Holding it in, close, became a strength

An essence, a nugget, bloom’s heart

Shaped by chinks, cracks, and splits

Of a shell you wished was a softer hue.

 

Relinquished, expelled, produced a body

The lucid form of your careful ambiguity

From a cold clay, carved and baked

An Image of remedy, poison, and sacrifice.

 

 

 

Mild Streak

Rain stopped

Forced spring out for a day.

 

Winter is an ideal

With a harsh streak of delirium.

 

 

 

Footprints

These cold hills stand unconcerned of what walks beneath them. Snow, that made it through the day’s rain, will be covered by night’s newest layer of white. But here today, the rain collects upon the trail.

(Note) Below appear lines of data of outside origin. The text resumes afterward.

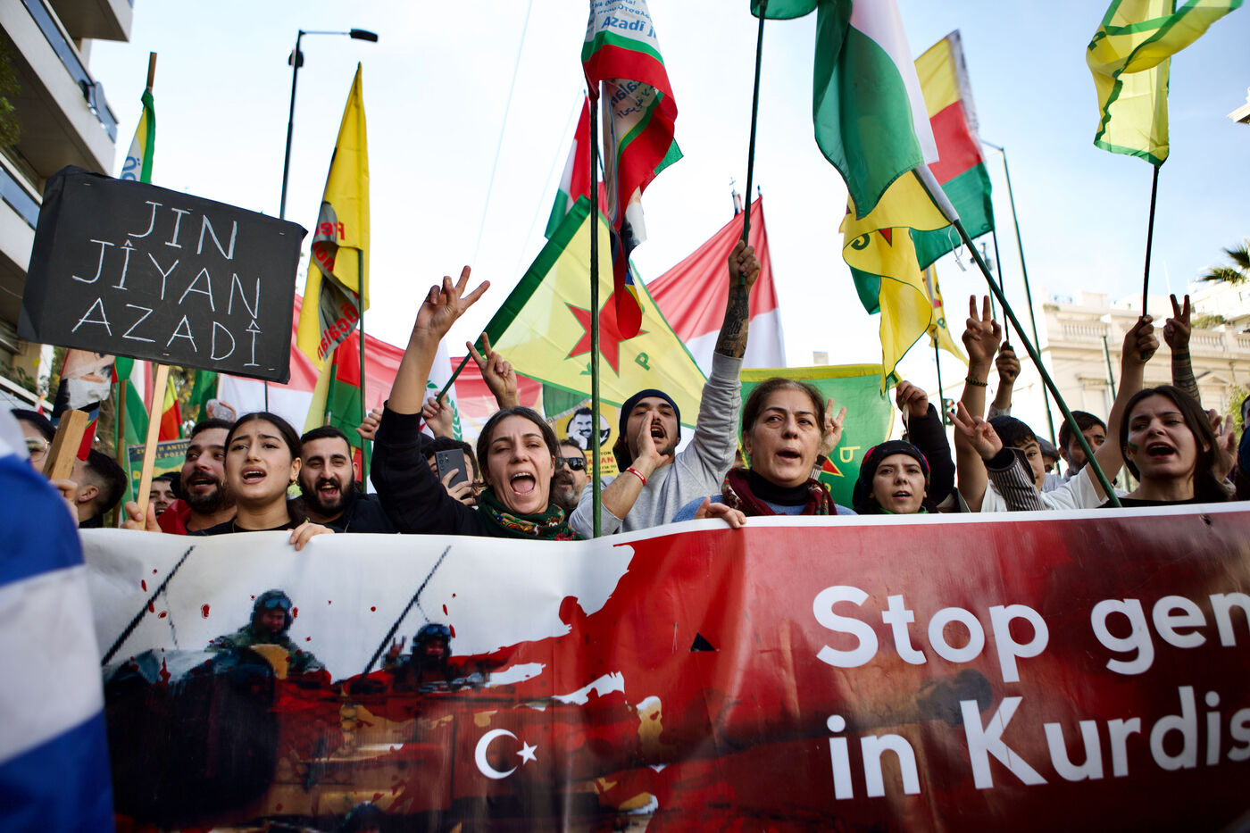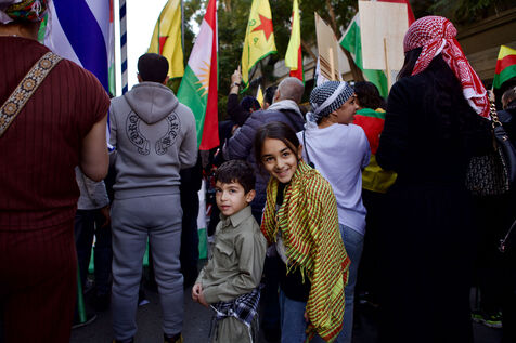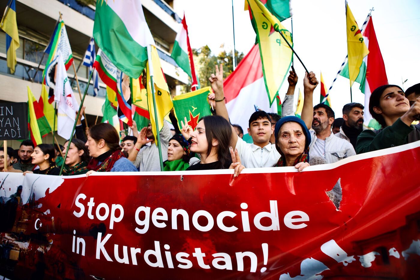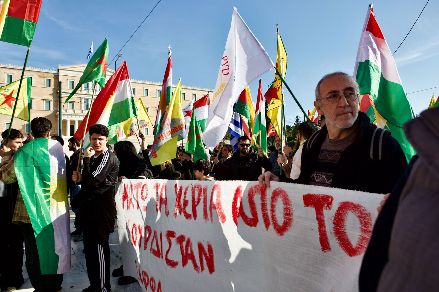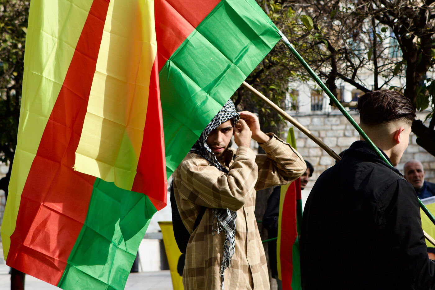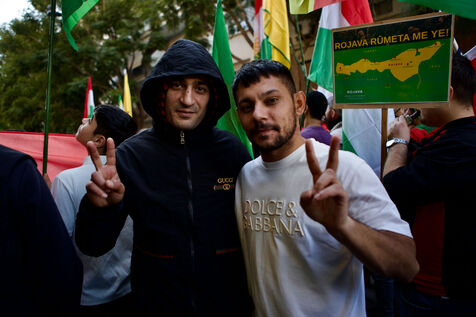 The series showcases the diversity of participants: children and babies waving flags, men and women posing peace gestures, and expressive portraits of activists, some with Kurdish symbols on their uniforms or face paint. These images convey unity, resistance, and collective commitment within the demonstration, while also capturing intimate and focused moments at the heart of the mobilization.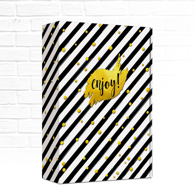 Karton prezentowy o gładkiej powierzchni w modne paski, wewnątrz zabarwiony na czarno, z czarnymi wstawkami, gotowy do wysyłki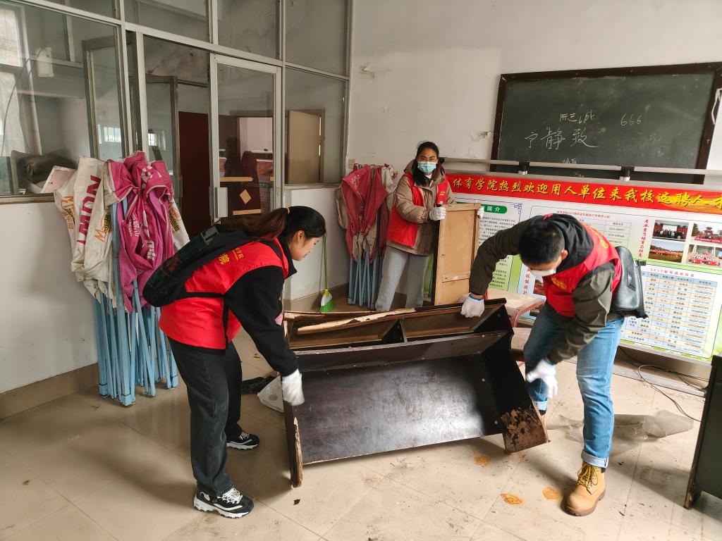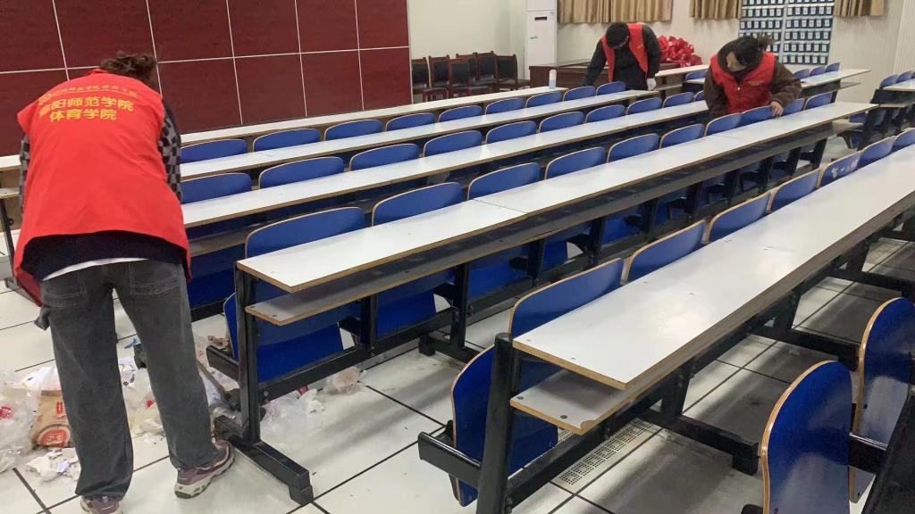 成员们身穿志愿服,经过组长的分工之后,讯速的开展各自的工作,并对一些卫生死角进行彻底的清扫。三个小组成员分头行动开展合作,进一步提高效率。志愿服务活动持续了九十分钟。在清扫过程中,成员们默契配合,搬重物、抬桌凳、去扬尘。经过了一个半小时的志愿服务活动,成员们都得到了相应的锻炼。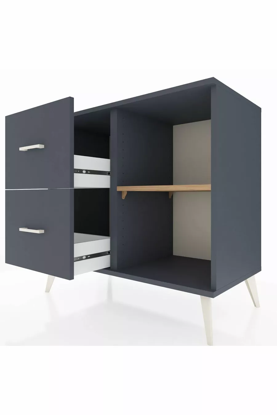 خزانة هايبرون بروفيل رف واحد ودرجان، أنثراسايت-صنوبر/أنثراسايت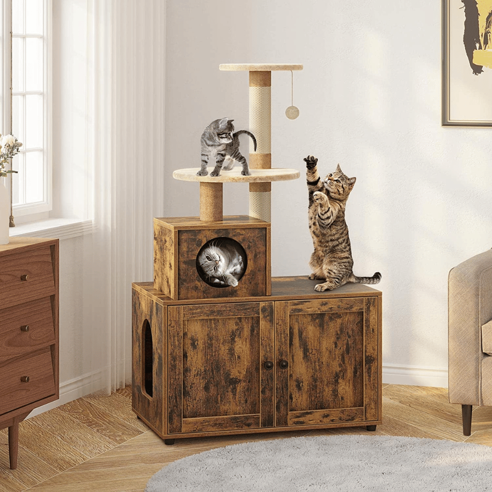 It's a two-in-one piece of furniture that meets two needs - a cat litter box and a cat tree - while also saving you twice the space. The rustic brown color blends in with your furniture style, and the surface is stain-resistant and easy to clean.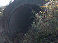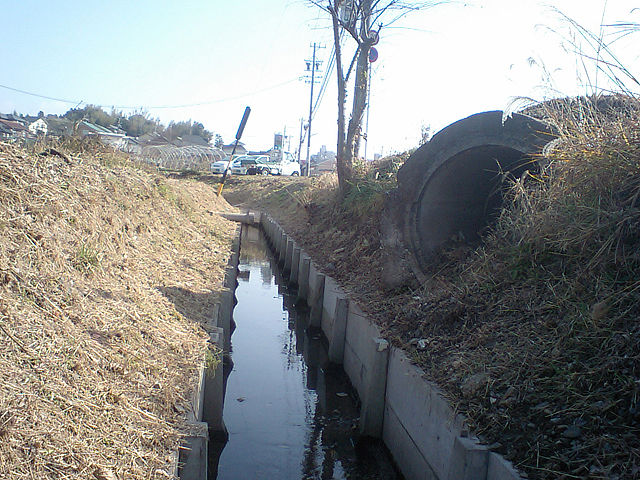 日進市折戸町鎌ヶ寿にある、使われていな土管です。 大人がしゃがんで通れる大きさの土管です。 土管の上には道路、左の土手は田んぼ。 すぐそこに折戸病院が見えます。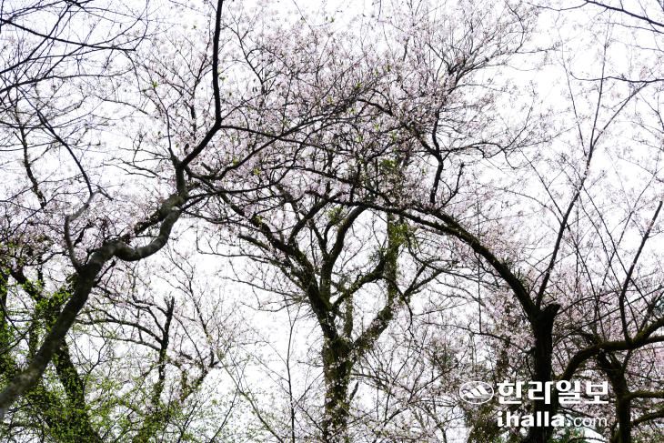 가지마다 연분홍 꽃을 피운 제주 최고령 왕벚나무. 한라일보 DB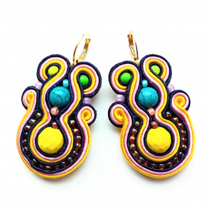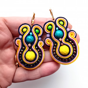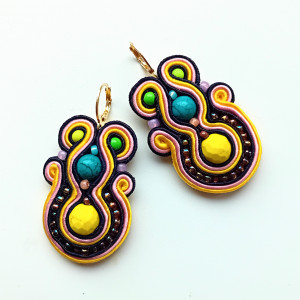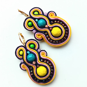 Kolczyki wykonane w technice haftu sutaszowego - szyje się kolorowe sznureczki milimetr po milimetrze, wszywając między nie kamienie i minerały, szkło itp.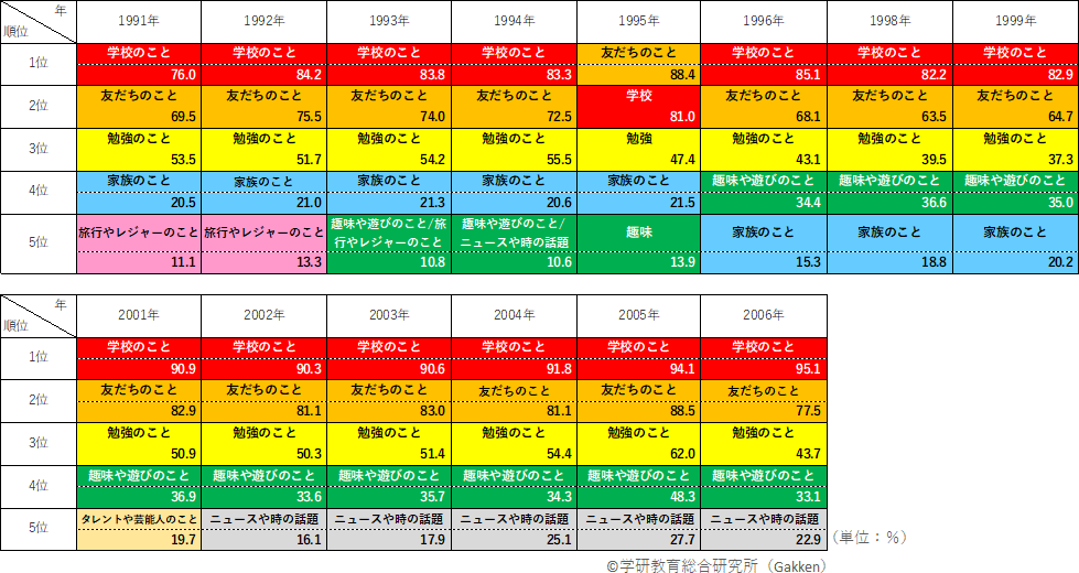 小学生女子が親と話すことも男子同様、「学校のこと」が群を抜いている。1995年の2位を除き、全ての調査期間で1位となっており、1991年を除く全調査期間で8割以上の小学生が親と話すこととして「学校のこと」を挙げている。また「学校のこと」を親と話す女子の割合は、2000年代に入ってからは9割を超えて上昇傾向にあり、2006年には95.1%にのぼる。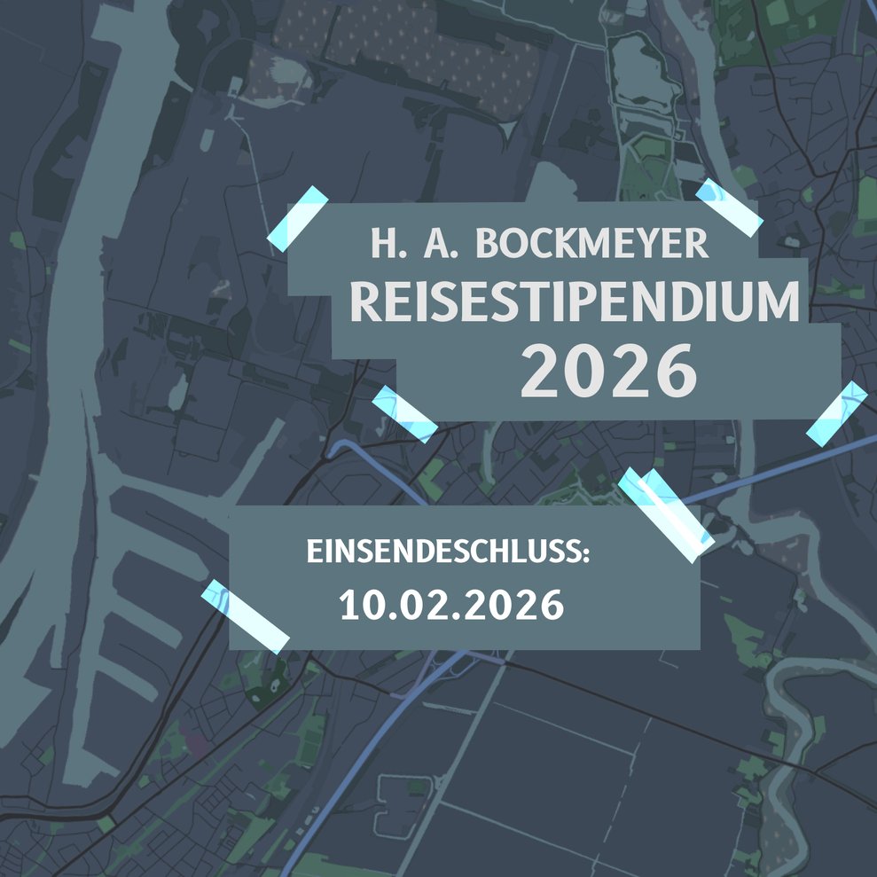 We would like to inform you that the H. A. Bockmeyer Travel Scholarship will be awarded again next year at the Hochschule für Künste Bremen. The H. A. Bockmeyer Travel Grant financially supports travel projects of students and alumni in the Fine Arts, Integrated Design and Digital Mediaprograms of the HfK Bremen.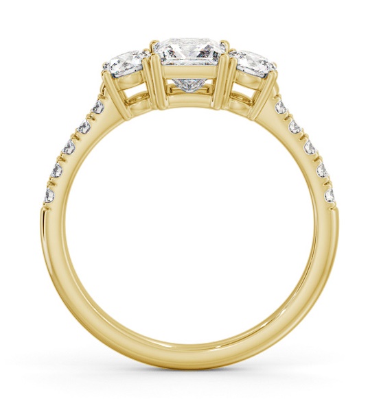 Elisa three stone diamond trilogy ring in a 18K Yellow Gold setting. This ageless three stone engagement ring flaunts three princess shaped diamonds and a row of smaller round diamonds flowing down each side of the shoulder. Smaller diamonds will be of standard quality VS1 Clarity and F Colour. This ring is available in a range of metal options and your choice of natural or lab grown diamonds. We offer a free design service for any customised changes that you may require.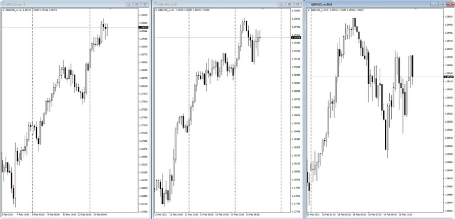 Продолжим, для классической торговли нам потребуется использовать три графика, ими будут H4, H1 и М15. Конечно же можно будет работать и с другими тайм-фреймами, но об этом немного позже.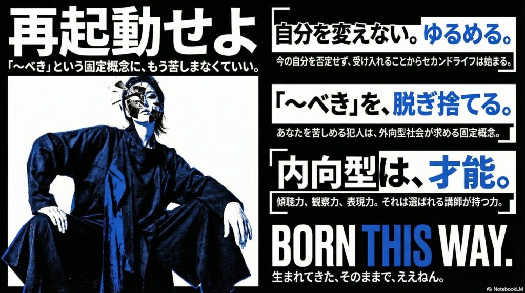 なんでやねん!で、あなたのプレゼンを劇的に変えます。私はプレゼン研究者ではありません。数千回の実践を繰り返してきた実践者です。アホみたいな数のプレゼンを実践し続けたことで「 世の中の成功法則は外向型向きで、内向型では使いづらい 」ことに気づけました。内向型の私があなたの代わりに「 使えるノウハウ使えないノウハウ 」の仕分け作業は終わらせておきました。私が実践で学んだ最も重要な結論は「 人間性を高めること 」です。人間を知り、やさしい人間になることです。シンプル思考・本質・論点をリアルな人間心理に基づいて、実践で成果が出るプレゼン術&メタ思考を綴ります。「 講座 」「 著書 」「 ブログ 」「 音声 」で、何度も何度も何度も、復習・学び直しを続けていただけるように、同じことを100万回発信し続けます😁
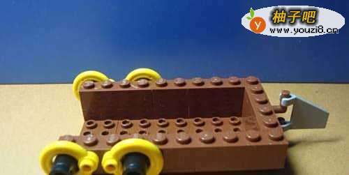 3接着,拼装帆船模型的船尾底座的支架部分。由四个底座积木和一些零件积木所组成。左边是拼装所需的零件,右边是拼装好后的整体结构效果,如下图所示。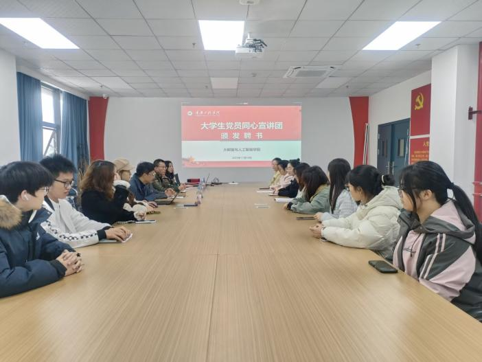 本网讯(文/图 大数据与人工智能学院 杨宝/郭芯彤)为深入学习贯彻习近平新时代中国特色社会主义思想,强化新时代高校统战工作,引导青年学生传承红色基因,厚植家国情怀,11月19日下午,大学生党员同心宣讲团聘任仪式在7205举行,巴南区工委、大数据与人工智能学院党总支相关负责人及全体宣讲团成员参加。

Footprints lie scattered. There are recent ones, still adhering to the shape of a shoe and older ones losing the semblance of humanness. All show their course around the puddles, trying to find the driest method to continue.

And yes, there’s evidence of others who’ve abandoned finding the dry way. Perhaps, they see themselves as hearty, brave, or trust their shoes more than others, or just don’t care.

Tomorrow, when the snow sticks, quieting the rain, puddles will be replaced by a contour of white. The trail can still be seen and if you look closely, you will see other kinds of footprints, who share the path, either dry or wet.

And the cold hills still remain unconcerned, even though it’s they, who we all wish to see.

 

(Click on image to enlarge. Salmon River, near Mt. Hood. Jan. 2020)

Naming Creeks

The creek isn’t cruel by not knowing my name.

Even though, I have known its name all my life.

On walks, I still follow its voice, soothed by its flow.

I won’t ask it to know me.

I’m okay with being an eternal stranger to it.

 

The creek doesn’t need my name

For me to hear its voice

Even during the loneliest times

When snow blankets its banks

And trees block the wind from its surface.

 

There are times when I wish

I could mimic the creek

But I know its name, taught to me by these very words

Which curve around boulders and tree limbs

Written by the currents of my own heart

 

Wet Pine Needles

Running the brittle floor—upon leaves settled to soil.

With mild hands wandering—through air and pressed sunlight.

Becoming branches—breaching the film of moist sky.

Clinging to winter’s sun—lucent thoughts, fictile.

Moving with the wildness—of the warm, fragile body.

Its abstractions of molds—ravines, dips, and death.

 

Wet pine needles held in a beam of furtive light.